There is a fix for the 400 bad request in the dev branch, didn't have time to create a new release yesterday. I will do that as soon as possible!

almenscorner commented 7 months ago

As for the "usedLicenseCount", this is for VPP apps if I'm not mistaken?

almenscorner commented 7 months ago

2.0.9, which most likely will become 2.1.0 is set to be released this week :)

Wob76 commented 7 months ago

Thanks for the prompt turn around, you are fast.

Yes, that would line up, I only see it in the iOS and MacOS Applications.

image

Some of the other data still looks useful but the only value I can see in "usedLicenseCount" would be ensuring it is bellow "totalLicenseCount" but we don't have plans to monitor that as part of this flow at the moment, so it would be nice to excluded it, I could run with exclude VPP as see what else I miss?

almenscorner commented 7 months ago

The batch retry issue should now be fixed in v2.1.0-beta1 as well as the option to exclude license count by including -e VPPusedLicenseCount when running the backup.

The this version and let me know how it goes: pip3 install IntuneCD==2.1.0b1

Wob76 commented 7 months ago

This looking fixed to me, I ran the b1 locally and in my pipeline without issue, -e VPPusedLicenseCount is working as expected.

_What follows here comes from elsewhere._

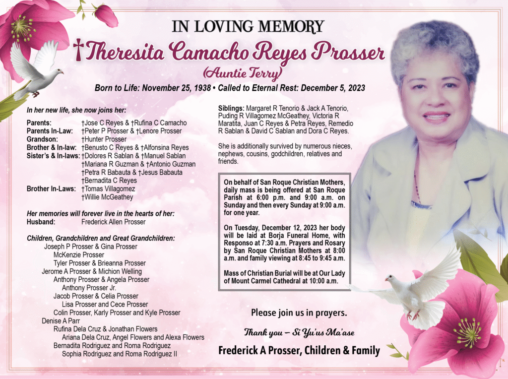 †Theresita “Auntie Terry” Camacho Reyes Prosser

I noticed the release of 2.1.0 and checked my main pipeline was using it, added -e VPPusedLicenseCount and again working as expected.

I will report back if I see any re-occurrences of my assignment issues with the throttling in place.

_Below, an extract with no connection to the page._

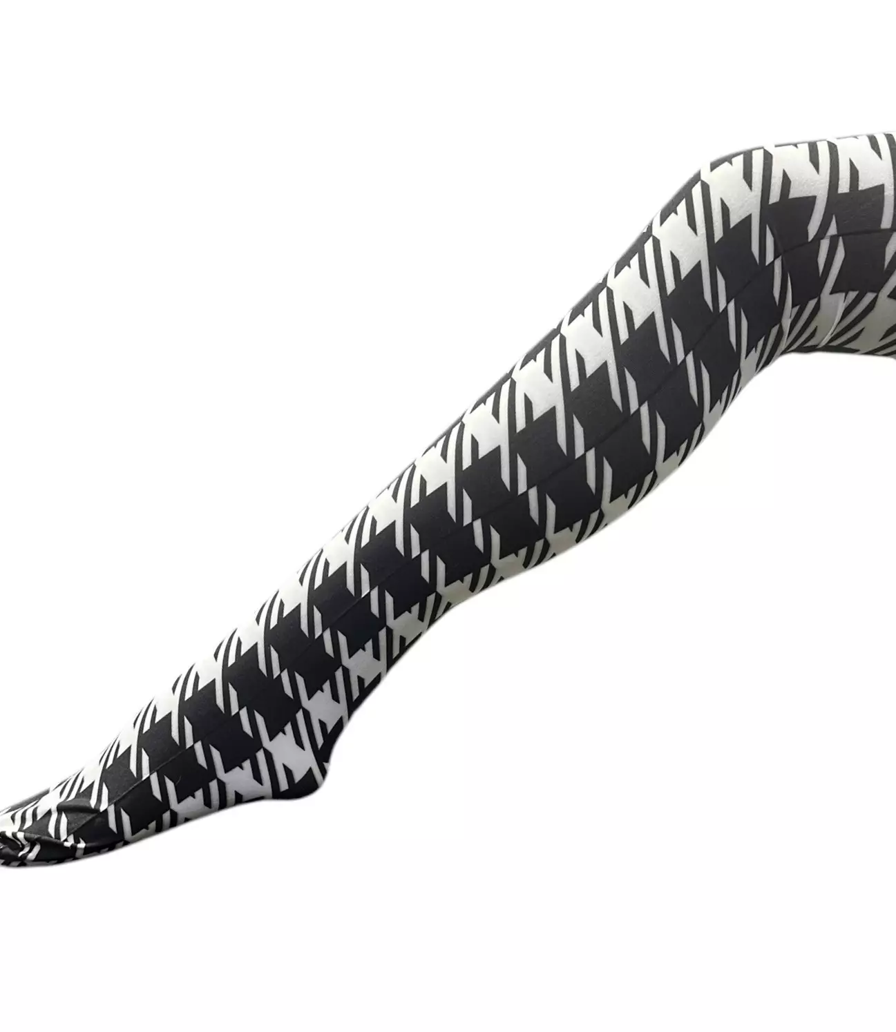 Sukkahousut valkoinen kukonaskel. One Size Fits Most, yhdenkoon sukkahousut. Materiaali 94 % nailon, 6 % elastaani.

Wob76 commented 7 months ago

@almenscorner

Looks like this needs a revisit, I have completed about 6 or 7 local backups that have all run without issue, but my pipeline is still seeing incorrect assignment information, even on my scheduled run overnight the GUID where returned.

The pipeline seems to run faster than my local runs so maybe it is hitting the throttle due to speed, If I am reading the code right you only have the 1 retry? Maybe if we could have more than 1, or a longer delay it may help?

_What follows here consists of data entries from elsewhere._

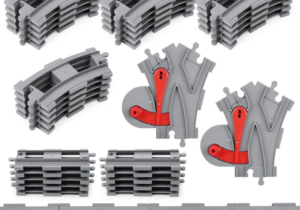 Deze City bouwstenen railset met 32 delen bevat 10 rechte stukken, 2 variabel spoort en 20 gebogen rails. Geschikt voor alle belangrijke treinmerken en perfect om de creativiteit en motorische vaardigheden van kinderen te stimuleren.
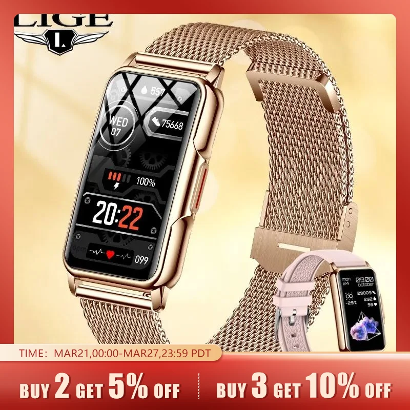 여성시계 LIGE 스마트 워치 풀 터치 스크린 블루투스 통화, IP67 방수 스포츠 피트니스 트래커, 여성 스마트워치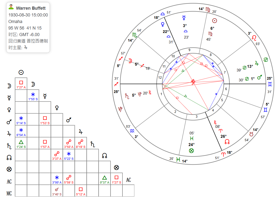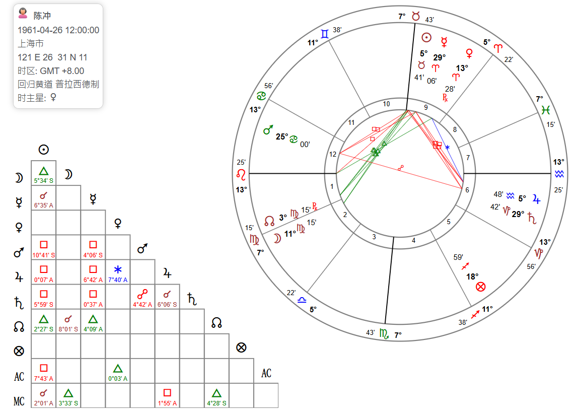 🔺第2、6、10宫宫首星座的守护星、宫内行星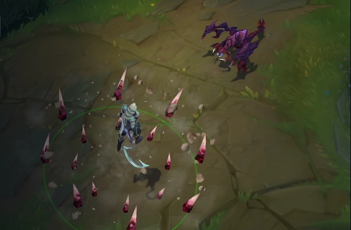 当前版本大虫子的强势阶段通常集中在大招搭配永霜的时期,由于这个版本大虫子大招的斩杀线格外长,所以一旦在没防备的情况下被它用Q技能击飞,就很容易被直接击杀。对线时甚至可以选择不补刀,也绝不能被它的Q技能命中,要是被大虫子压制住,就连补塔刀都会变得非常困难——毕竟这个英雄开启E技能后,平A会带有一定的飞行距离。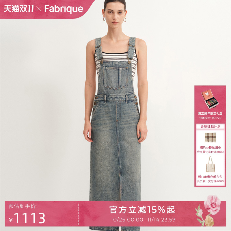 Fabrique 法式复古蓝纯棉前开衩牛仔背带裙2025夏季新品连衣裙女

I'll try and get a run in today with some debugging, but it is harder now as I am not seeing the same behaviour with local runs.

Thanks,

Wob76 commented 7 months ago

I've done a little debugging at my end, as a note, when running this locally a backup takes ~10-12min, my pipeline finishes in half that time, so I feel like the speed is the issue for me.

I am able to force the error on my local runs but having 2 backups run at the same time.

I added some debugging output to the batch_request function.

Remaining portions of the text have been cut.